Wikipedia's website blackout protest against the controversial Stop Online Piracy Act (SOPA) proposed in the United States attracted 162 million eyeballs, it said in an update.
Eight million people also looked up their elected representatives' contact details, the online knowledge base reported.
Google's anti-SOPA petition attracted 4.5 million signatures, The LA Times reported, while Twitter says there were 2.4 million SOPA-related Tweets. Mark Zuckerberg's anti-SOPA post on Facebook got over 490,000 likes.
Public opposition to the bill and its accompanying Protect IP Act (PIPA) follows over 100,000 signatures petitioning the US President Barack Obama to veto the bills.
Since yesterday's blackout, at least 13 US Senators turned their backs on SOPA, mostly Republican, Ars Technica reported, bringing the tally of new opponents in the Senate over the past week to 26. Neither side holds a majority.
Wikipedia says the fight will continue, with the bill's key sponsor in the House of Representatives, Texan Republican Lamar Smith, vowing to reintroduce the bill after February, while the Senate sponsor, Democrat, Patrick Leahy, plans to hold a vote in January.
"This publicity stunt does a disservice to its users by promoting fear instead of facts," Smith said in a statement on Tuesday, Reuters reported.
"Perhaps during the blackout, Internet users can look elsewhere for an accurate definition of online piracy."
Following the White House's opposition to the bill's current wording, Lamar proposed to remove DNS blocking from the bill, but vowed to continue with financial provisions to cut off funds to allegedly copyright infringing operations.
Australians mixed
Web hosts and engineers in Australia are mixed on how SOPA and PIPA - if passed - might impact them.
The persistence of financial measures in the bill is a concern to many Australian web-based businesses, network engineer Mark Newton said.
"Remedies in the Bill include ordering financial service companies to block credit card transactions for web hosting companies, and orders placed on web advertising firms to withhold advertising income," Newton said, comparing it to the financial blockade WikiLeaks suffered after Visa, MasterCard and PayPal cut services to the whistleblower organisation.
Payment network providers will be required to take "technically feasible and reasonable measures" within five days of a notification to prevent it from completing payments where US customers are involved in a transaction, the bill reads.
"So a non-US web hosting company like, say, WebCentral could find their DNS pulled, their credit card transactions blocked and their advertising revenue halted because one of their customers has run a website which has linked to an allegedly infringing movie, without putting the rightsholder to the trouble of actually proving the infringement," Newton said.

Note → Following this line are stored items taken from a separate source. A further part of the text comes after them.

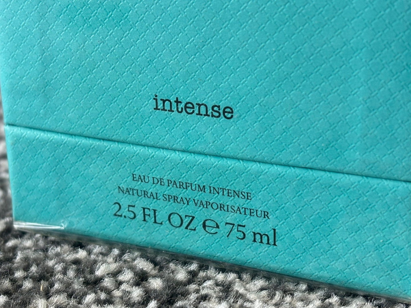 A 75ml bottle of Tiffany & Co Intense Eau De Parfum, presented in its original presentation box and offering a richer, more expressive interpretation of the signature Tiffany fragrance. Refined and elegant, this scent reflects the timeless sophistication and modern luxury associated with the Tiffany & Co name.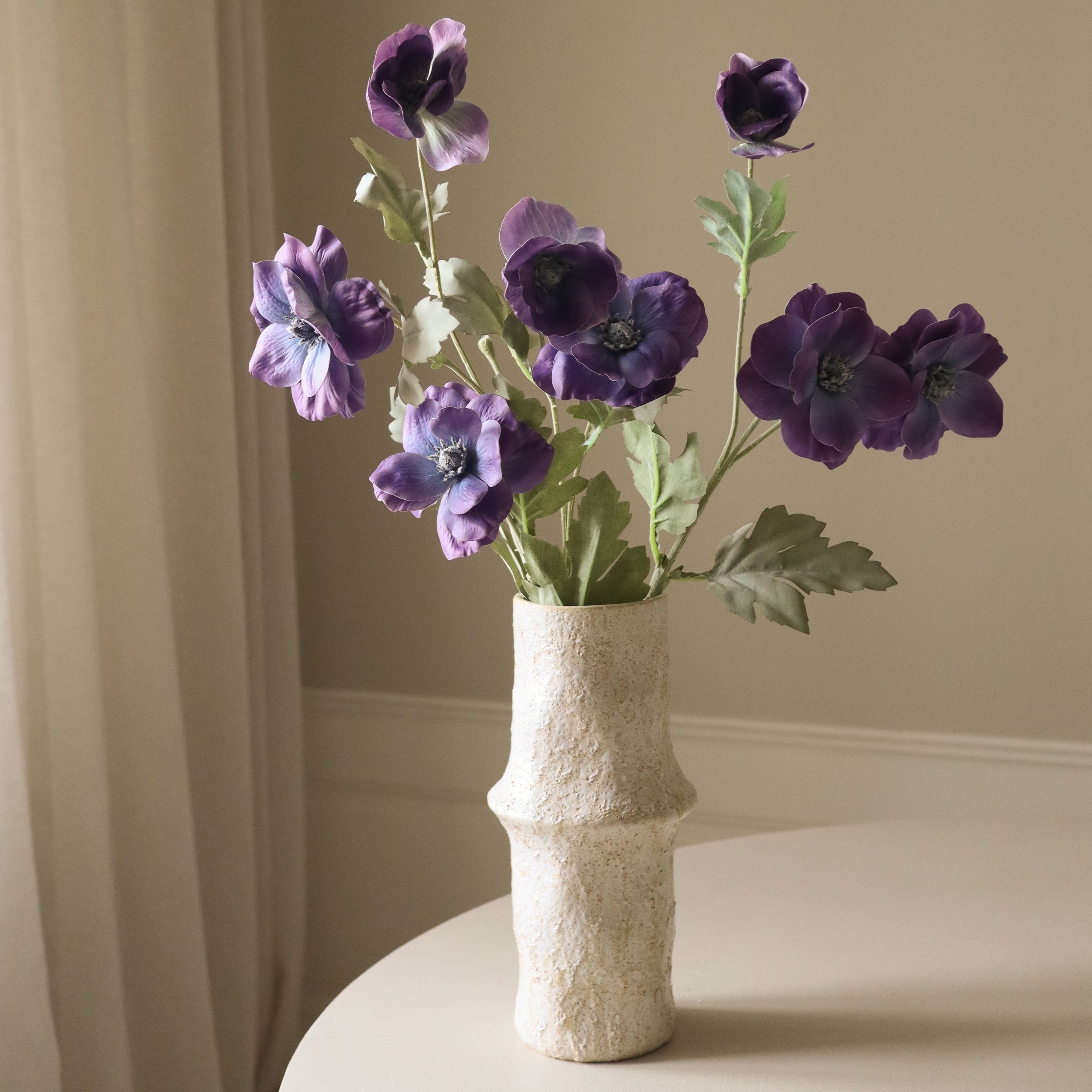 This Purple Anemone Flower stem features multiple delicate blooms with smooth, rounded petals in soft purple tones, transitioning from a rich violet to a muted lavender hue. The petals surround a dark, textured center and are complemented by slender green stems and softly veined, dusty green leaves. The height of the stem is 70 cm.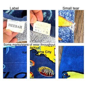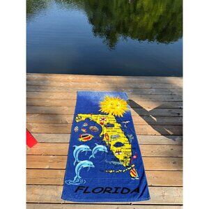 this is a cute and kitschy vintage souvenir beach towel from the 90s featuring a colorful print on the front of a map of Florida ("sunshine state") and various cities and landmarks, along with illustrations of the beach, palm trees, dolphins, tropical fish, flamingos, and more. the towel is made of a fairly thin cotton (rather than being plushy or absorbant) which was standard for 90s era. the towel is printed on one side and is blank/white on the other side, and although it has been well loved, it is generally good shape. a perfect retro accessory that is super packable and lightweight to carry around in your tote!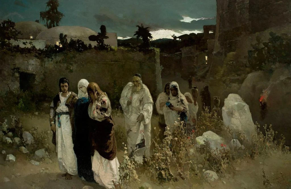 The art print 1879 by Wilhelm Kotarbinski is a fascinating exploration of the interplay of light and color. This painting, imbued with a melancholic atmosphere, uses soft hues and delicate shades to evoke a scene that is both peaceful and emotionally charged. The artist's technique, which skillfully blends realism with an impressionist touch, allows the viewer to be immersed in a moment suspended in time. The meticulous details and subtly crafted shadows give the piece a depth that invites contemplation.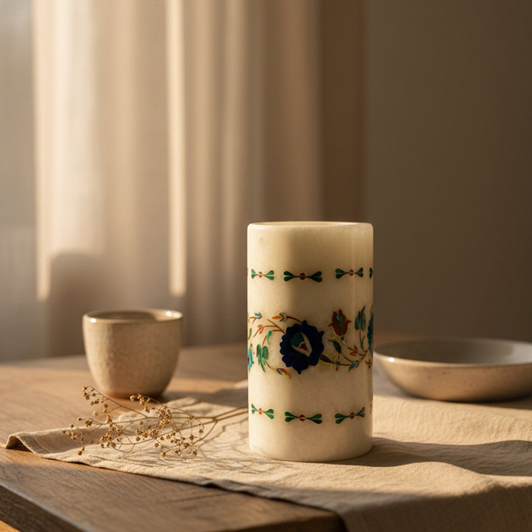Bring timeless elegance into your space with this Handmade Marble Floral Inlay Vase, crafted from natural marble and adorned with intricate multi semi-precious stone inlay work. Each floral motif is carefully hand-set, creating a refined surface that reflects light beautifully while showcasing true artisanal craftsmanship.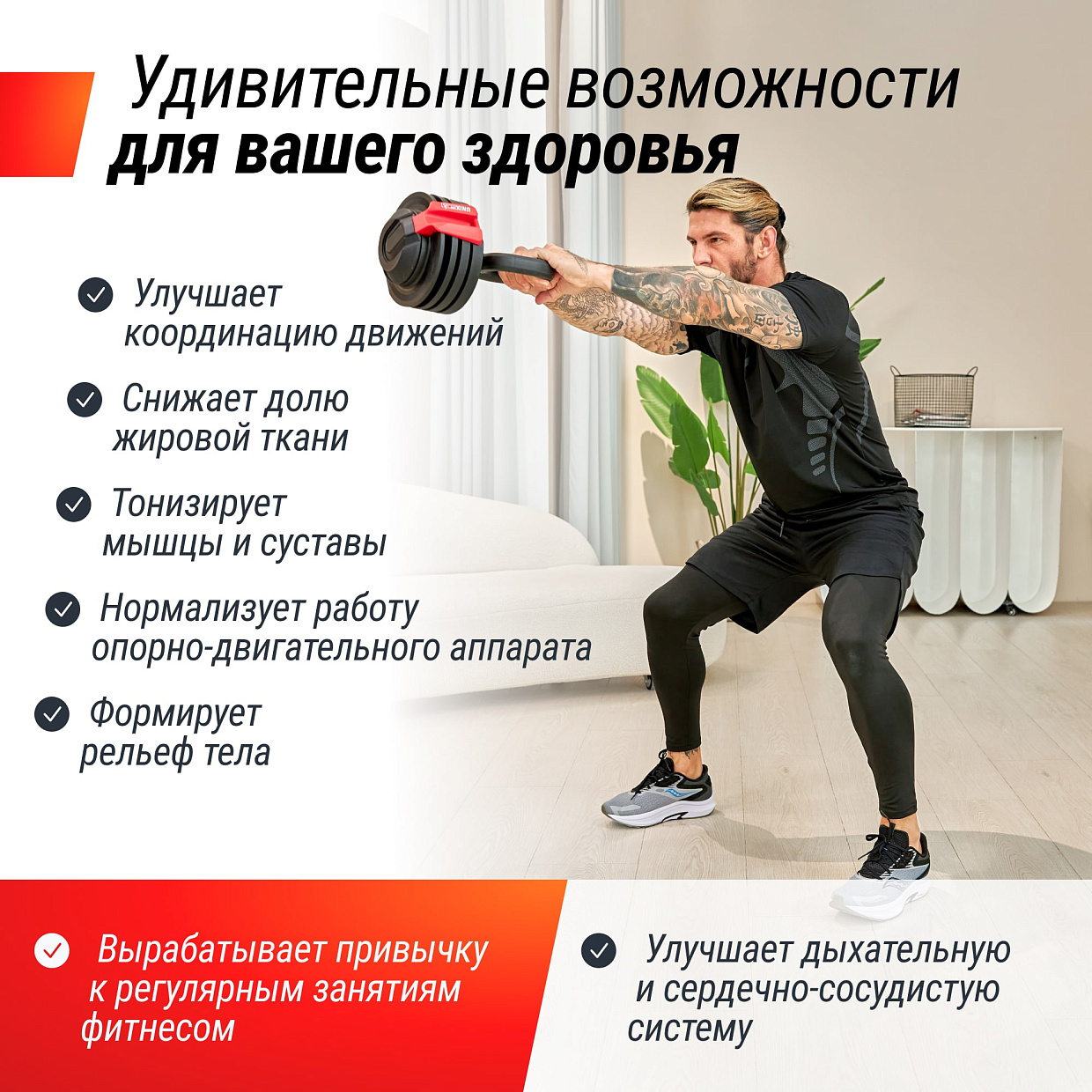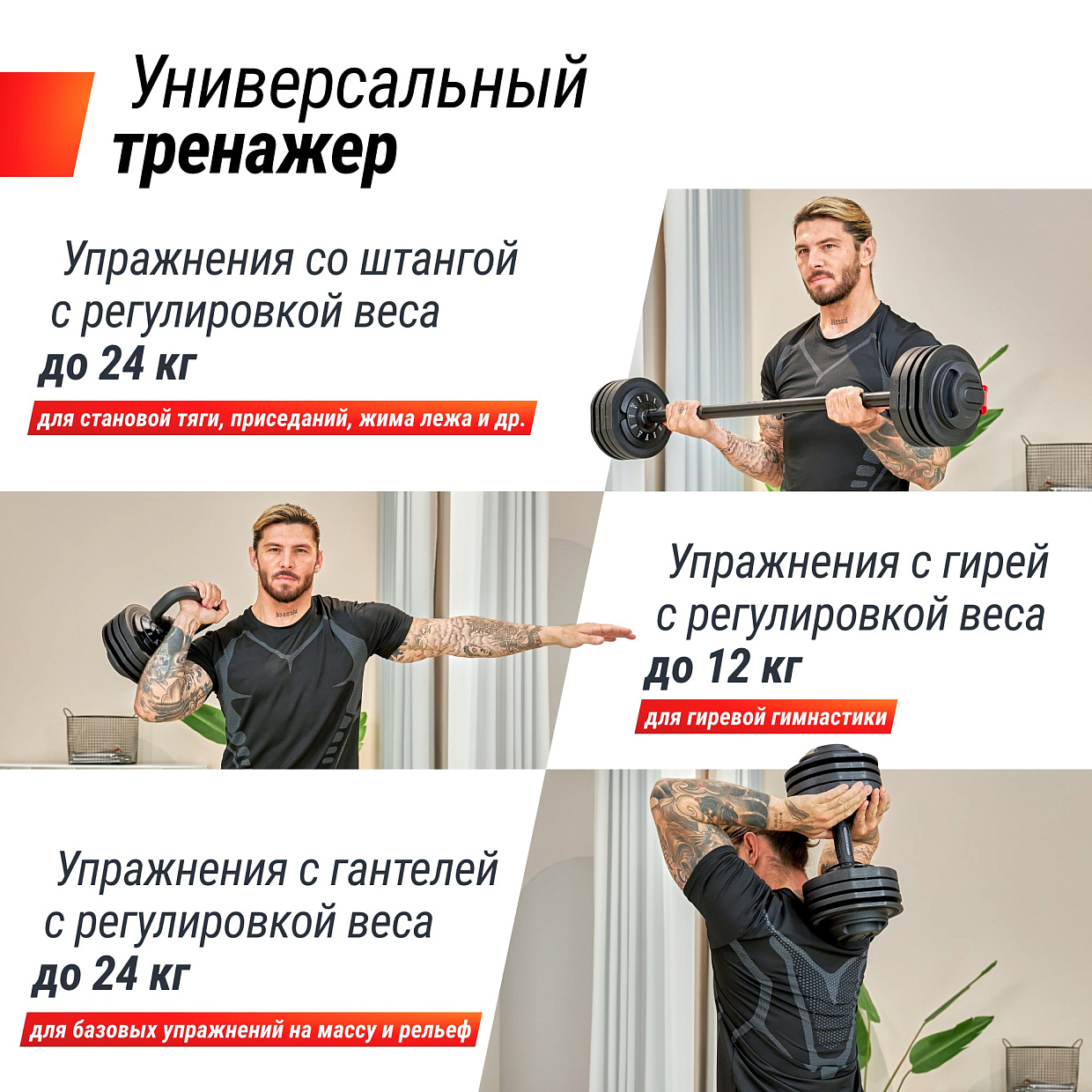 Разборная конструкция штанги легко трансформируется в набор - гирю и гантель. Сборная штанги с общим весом конструкции 24 кг является неотъемлемой частью тренировок с отягощением. С ее помощью вы сможете выполнять разнообразные упражнения, такие как приседания, жимы, становую тягу и многое другое. Спортивная штанга с блинами обеспечивает равномерное распределение нагрузки на мышцы, помогая вам развить силу и массу.

Former CEO of Australia's Internet Industry Association, Peter Coroneos, fears the bill, if passed, will impact Australia.

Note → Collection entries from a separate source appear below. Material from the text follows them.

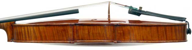The set-up has been changed since the photos were taken: the violin now has a ebony Hill-type tailpiece, fitted with one golden adjuster on the e-string.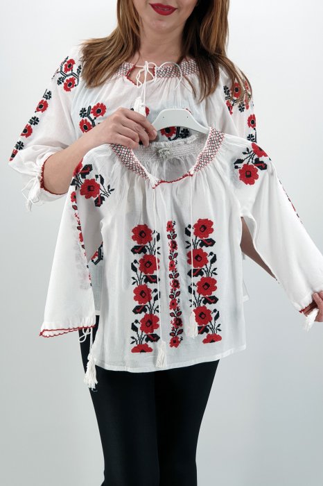 Ie traditionala fetite Sabrina Material: bumbac 100%. Broderia este cusuta la masina Culoare: alba cu broderie rosie si neagra. Marimi disponibile: masura 2 , pentru copii 0-2 ani , 70cm circumferinta bust, 44cm lungime bluza. masura 4 , pentru copii 2-4 ani , 72cm circumferinta bust, 47cm lungime bluza. masura 6 , pentru copii 4-6 ani , 78cm circumferinta bust, 47cm lungime bluza. masura 8 , pentru copii 6-8 ani , 82cm circumferinta bust, 45cm lungime bluza. masura 10 , pentru copii 8-10 ani , 88cm circumferinta bust, 48cm lungime bluza. masura 12 , pentru copii 10-12 ani , 90cm circumferinta bust, 50cm lungime bluza. masura 14 , pentru copii 12-14 ani , 96cm circumferinta bust, 52cm lungime bluza. masura 16 , pentru copii 14-16 ani , 98cm circumferinta bust, 57cm lungime bluza.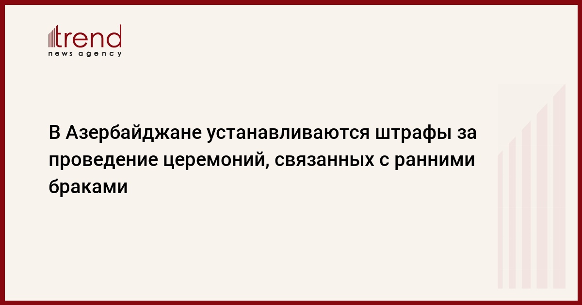 Согласно законопроекту, за проведение лицами, управляющими объектами общественного питания, церемоний, связанных со вступлением несовершеннолетних в брак (помолвка, свадьба и другие церемонии), физические лица будут оштрафованы в размере от тысячи до тысячи пятисот манатов, должностные лица - от трех тысяч до четырех тысяч манатов, юридические лица - от шести тысяч до девяти тысяч манатов.

"I think it's regrettable the US legislative drafters have allowed themselves to be persuaded that these measures could have any impact on copyright infringement," he said.

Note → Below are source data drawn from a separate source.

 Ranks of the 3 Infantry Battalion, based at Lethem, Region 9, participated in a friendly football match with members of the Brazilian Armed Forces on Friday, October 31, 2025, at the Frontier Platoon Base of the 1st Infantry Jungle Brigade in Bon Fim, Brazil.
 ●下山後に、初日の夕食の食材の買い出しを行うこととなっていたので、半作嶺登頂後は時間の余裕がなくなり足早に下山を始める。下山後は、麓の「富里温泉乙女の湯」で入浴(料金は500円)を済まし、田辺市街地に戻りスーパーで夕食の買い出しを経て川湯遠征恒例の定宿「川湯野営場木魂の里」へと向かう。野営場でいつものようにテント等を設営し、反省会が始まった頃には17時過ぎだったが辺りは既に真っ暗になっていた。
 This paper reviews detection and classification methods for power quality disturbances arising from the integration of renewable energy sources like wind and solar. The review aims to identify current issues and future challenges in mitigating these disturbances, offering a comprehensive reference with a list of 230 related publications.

"The unintended consequences far outweigh the benefits. Therefore those who understand the Internet have not only a right but a duty to inform Congress why these are bad laws. It seems likely that either by design or accident the Bills will have extra territorial effect.
"It jeopardises the continuity of globally accessed sites, threatens the integrity of the domain name system and creates a bad precedent for countries like Australia where there remains considerable pressure for similar laws to be passed.
"The times call for creative flexible, responses to changing market conditions, not unimaginitive heavy handed responses to preserve a status quo that is increasingly irrelevant to the digital society we are becoming."
However, other web hosts in Australia played down the concerns.
Bulletproof Networks COO Lorenzo Modesto doubted his organisation would ever be impacted, whilst a spokesperson for Melbourne IT said it felt protected under Australian law due to the terms of service customers sign, which clearly give the service provider a right to take down sites when webmasters break the law.
The spokesperson said the company already complies with notice and takedown procedures under Australian law.